:: DATA FOR THE TASK ::
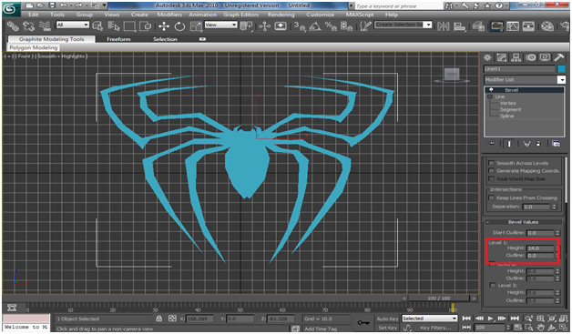11. Setelah itu kita pilih/select pola yang sudah dibuat tadi lalu Modify pada Command Panel, ganti Modifier List pada combobox ganti dengan Bevel.
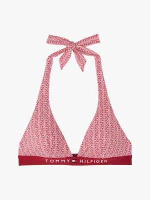 Embrace a nostalgic poolside look with this self-tie halterneck bikini top that features a vibrant all-over print and removable padding.
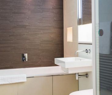 A contemporary, two bedroom, two bathroom apartment situa...
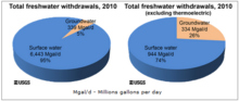 Total surface-water and groundwater withdrawals (for total withdrawals and total withdrawals without thermoelectric power withdrawals) for South Carolina, 2010.
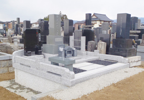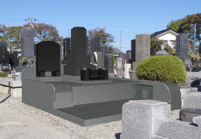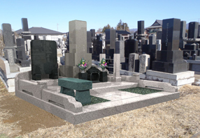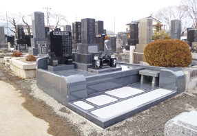小林石材では、墓石専用3次元CADソフトを使用し、墓地計測時に撮影させていただくお客様の墓地の写真に完成イメージを合成することができます。シミュレーションすることで完成後のお墓全体をイメージできるのでとても安心です。
:::
# TASK BRIEF:
From the line containing "A contemporary, two" through the last line of the data above, write out every line word for word, and nothing else. Do not include the pictures.

# ANSWER TO THIS PROBLEM:
 A contemporary, two bedroom, two bathroom apartment situa...
 Total surface-water and groundwater withdrawals (for total withdrawals and total withdrawals without thermoelectric power withdrawals) for South Carolina, 2010.
小林石材では、墓石専用3次元CADソフトを使用し、墓地計測時に撮影させていただくお客様の墓地の写真に完成イメージを合成することができます。シミュレーションすることで完成後のお墓全体をイメージできるのでとても安心です。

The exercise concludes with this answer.